LLaMA leak mixed blessing for Facebook AI

Meta granted access to its set of large language models to approved researchers, but LLaMA model weights have reportedly escaped the lab.
8 March 2023

Model weights in the wild? Image credit: Shutterstock Generate.

Getting your Trinity Audio player ready...

Large language models (LLMs) such as GPT-3, which, by predicting the words that are most likely to come next in a sequence, have transformed the performance of chatbots and are inspiring a variety of enterprise applications. Wading through years of emails using a regular search tool is likely to be a slow and tedious process. But advanced chatbots that have chewed through the data could potentially serve up useful answers in seconds. Breakthroughs in LLMs could give AI-powered customer service agents a much greater capacity to understand incoming queries and help contact centers to manage traffic more efficiently. And the conversation has been dominated by one firm in particular, OpenAI, which has captivated millions of users through its incredibly popular ChatGPT tool. But OpenAI isn’t the only LLM developer in town. Facebook operator Meta has built a set of models too, known as LLaMA, which has gone under the radar, comparatively. But reports that LLaMA model weights have been leaked online could change that.
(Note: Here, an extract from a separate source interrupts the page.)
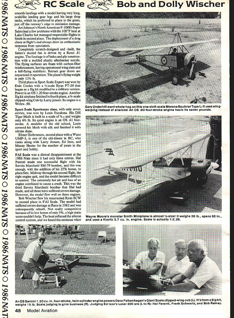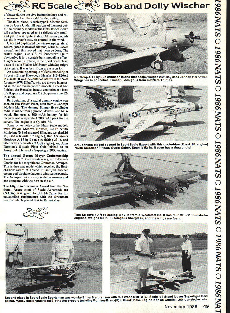 RC Scale Dolly Wischer C, 0 00 RETURNING air-conditioned Nats dor C snitory McNeese University end O days flying Chennault Air Base could see digital thermometer across street register mg 1000 1030F Accompanied high humid ity nearby Gulf Mexico heat concern competition cer Qo tainly its effect performances both models pilots Temperature runway pavement Nats site higher varying wind across runway course relieve baked feeling fortunate helped w competitors made cool early-morning flights hmm wind light Air Base now C inactive has vast areas pavement absorb store heat ic judging done gymnasium adjacent Nats headquarters neither air conditioned year least AMA HQ staff static judges hobby 00shop operators suffered along everyone else with roof protection searing Because large number Giant Scale combining RC CLmodels entries e gym quite crowded models spite high temperature large crowd came see models display flying site opposite observed Ordinarily spectators scene watch Scale o ghts Most likely total number spectators high came stay very long due discomfort During contest ectators plenty elbow room along 00ght line better Scale models kept under cover until engines started With 47 total RC Scale entries 1986 Nats somewhat disappointing although quality models flying partially compen sated lack quantity Giant Scale again C popular class 21 aircraft O were 16 Sport Scale Expert seven Sport Scale Sportsman three FAI Precision class small number entries afforded plenty O time four rounds flights gave 00 everyone equal exposure before two sets five judges scores three judges eraged lowest highest scores set judges being deleted observation low-scoring flight judge probably wasted two days heat except verbal influence other judges Cwhich considerable dont think Oevent needs type judge Ramon Torres repeated 1985 win Giant cale magnificent Beechcraft T-34C-1 IThe model completely detailed thousands rivets made Zap Lock cockpits camou 00flage finish K&B epoxy accurately-made o landing gear Its unusual feature accurately-reproduced Fowler flap system operates very prototypical manner 46 Model Aviation second year rowthat Ramon Torres has won Giant Scale Beechcraft T-34C-1 Moki 15 cu glow engine hauls 23-lb craft well folding wings Dennis Crooks Grumman TBM-3 Avenger fold via RC Supertigre 2500 glow engine powers 1 9-lb craft won second place Sport Scale Expert causing flaps extend outward well loud indeed fault could found downward gear flaps operate model noisy exhaust its precise sequence movement would weight 23 lb large engine doesnt fit expected fine machinery FAI Scale class other respect model uses Mold 15 cu engine Precision Scale quality Ramons fiberglass has sound being unmuffled fuselage made original molds first glance cylinder muffler ST 90 glow engine Francis McCrackens one-fifth-scale Ryan PT-22 go unnoticed Finish burnished chrome MonoKote IARC Scale wing built-up structure i-oz glass cloth surface second place famous folding-wing Grumman TBM-3 Avenger built Dennis Crooks Unfortunately second flight oppressive heat damaged mechanism folding wings right wing suddenly un folded jarring thump model taxiing Subsequent flights made wings permanently extended locked model finished second place because its static score slightly low Its 19-lb weight easily handled its Supertigre 2500 engine novel audio system Bob Hanfts -scale Fokker EV DVIII simulated machine gun fire air may have accurate rendition real thing certainly attract ed attention probably helped Bob third place Giant Scale class tiny trans ducer needed loud order make itself heard above models two-horsepower Super Tartan engine Fourth place Giant Scale won scale Spitfire Frank Thomas built Dave Platt kit powered Supertigre 2500 engine Dave Platt present Nats new roleflying Free Flight Scale event rather large rubber-powered Grumman Guardian made QOS flight lacking dethermalizer returned next day Francis McCracken entered Giant Sport Scale classes pair Ryan PT 22s -scale other scratchbuilt polished metal fuselages actually MonoKote-covered burnished simulate aluminum surface larger model used Supertigre 2500 engine smaller Super tigre 90 coincidence both models finished sixth place respective classes Seventh eighth places won couple familiar fellows Mike Gretz father-in-law Maxey Hester both flying Mor risey Bravos Mike repainted prototype last yearthe full-size plane belonging Hazel Maxey Mikes model older gray finish Maxeys new red white Mike used 05 240 Super Gemini twin Maxey 05 160 twin no question 240 developed greater thrust model performs well either engine weight two models about same 18 lb Maxey used DuPont Centauri paint over Koverall heat-shrink fabric great see Maxey Hazel flight line again after number years absence Nats competition Dave Falkenhagen also member Sig organization flew -scale model Hazels clipped-wing Cub ninth place Giant Scale used OS Gemini 120 twin power Five first 10 places Giant used four-stroke glow engines Tom Street used Westcraft kit build Yw-scale 10-ft-span Boeing B-17 finished tenth place Engines four 05 60 fourstrokes sound pleasant hear model finished high gloss strange appearance until realizes Tom has copied restored prototype finished Imron paint Quite heavy 39 lb Fortress flew well certainly underpowered fault could found reaim flight realism model no retracts flown turns too steep bomber Toms bomb drop quite accurate placed immediately front judges Sport Scale Expert class Bill McCallie winner -scale Grumman F8F-1 Bearcat built Royal kit engine 05 90 Bills flights distinguished Bob Dolly Wischer November 1986 47 Bob Hanfts /4-scale FokKer EV features on-board sound system simulate machine gun firing Super Tartan engine powers 7-ft-span craft Third Giant Scale 00 ON 0 00 ON 0 00 ON cI 0 00 ON C, 0 00 ON C, 0 00 ON hmmI 0 00 ON First place Sport Scale Sportsman want Louis Escalonas DH Tiger Moth 166 scale uses 05 61 four-stroke power Finish silk-and-dopea rarity days Ed Izzos Laser 200 h

What makes LLaMA so special?

The creation of GPT-3 is an incredible achievement. The LLM has 175 billion parameters, a record at the time of its release. But digesting vast amounts of text scraped from the internet takes some doing. And OpenAI required a custom-built supercomputer – hosted on Azure by its investment partner, Microsoft – to complete the task. The machine features a whopping 10,000 GPUs that had to whirr away for months, and consumed plenty of energy in the process. Meta, on the other hand, isn’t focusing on building the biggest LLM. Instead, the social media giant is striking out in a different direction, as its AI team revealed in a recent blog post. “Smaller, more performant models such as LLaMA enable others in the research community who don’t have access to large amounts of infrastructure to study these models, further democratizing access in this important, fast-changing field,” writes Meta AI.

LLaMA, which was apparently trained exclusively on publicly available datasets, consists of a set of LLMs ranging from 7 billion to 65 billion parameters in size. And, according to results published on arXiv [PDF], ‘LLaMA-13B outperforms GPT-3 (175B) on most benchmarks, and LLaMA-65B is competitive with the best models, Chinchilla-70B and PaLM-540B’. For reference, PaLM was developed by Google, and Chinchilla-70B is one of DeepMind’s set of LLMs. In fact, DeepMind’s work back in 2022 flagged that simply making LLMs bigger and bigger may not be the way to go. Writing up its results in a technical blog, the team found that the current large language models are ‘far too large for their compute budget and are not being trained on enough data’.

DeepMind tested its data scaling hypothesis by training Chinchilla for 1.3 trillion tokens (1 token represents around 4 characters in English, and 100 tokens equates to roughly 75 words) and reported that Chinchilla outperformed Gopher, its previous LLM, despite Chinchilla having just 70 billion parameters, which may seem like a lot, but it is 210 billion fewer than Gopher. LLaMA’s developers have clearly picked up on this and have gone big on data (Meta AI has trained its set of models on trillions of tokens) rather than parameters. For Meta, the upshot of this strategy is that it has developed a powerful LLM that can be run on a relatively modest computing setup, albeit not one that everyone will have lying around at home.

According to reports of the leaked model weights, Meta’s 13 billion parameter version of LLaMA – the configuration that is said to be comparable to GPT-3, although experts caution that AI benchmarking isn’t always reliable – can be run on a single A100 GPU. NVIDIA’s A100 Tensor Core GPU is part of its HPC data center platform, so perhaps calling it a ‘modest computing setup’ is a stretch. But it is highly affordable compared with the 10,000 GPU infrastructure used to create GPT-3, and does represent a shift towards much more energy-efficient development of LLMs.

Meta’s plan was to make its foundation set of LLaMA models available ‘on a case-by-case basis’ to research labs. There’s a big difference between ChatGPT, which has been optimized for conversation and cleansed for toxic comments by human-in-the-loop teams, and LLaMA in its foundation stage. And it’s possible that Meta is cautious about how LLaMA will behave when users put it to the test with all kinds of strange prompts. So, better to keep rogue outputs behind closed doors and team up with trusted partners to fine-tune the model.

But, if reports are correct, LLaMA’s model weights have escaped into the wild, which means that in the hands of someone with sufficient knowledge to get the LLM up and running, its output – good, bad, and ugly – could become very public. However, there’s no such thing as bad publicity, right? And the incident has boosted attention on Meta’s progress in generative AI. Also, the team behind GPTZero (an AI-generated content detector) has – according to an email sent to subscribers – taken the opportunity to generate ‘large swaths of LLaMA text’ so that it can optimize its screening tool for not just current tools, but also upcoming generative AI products.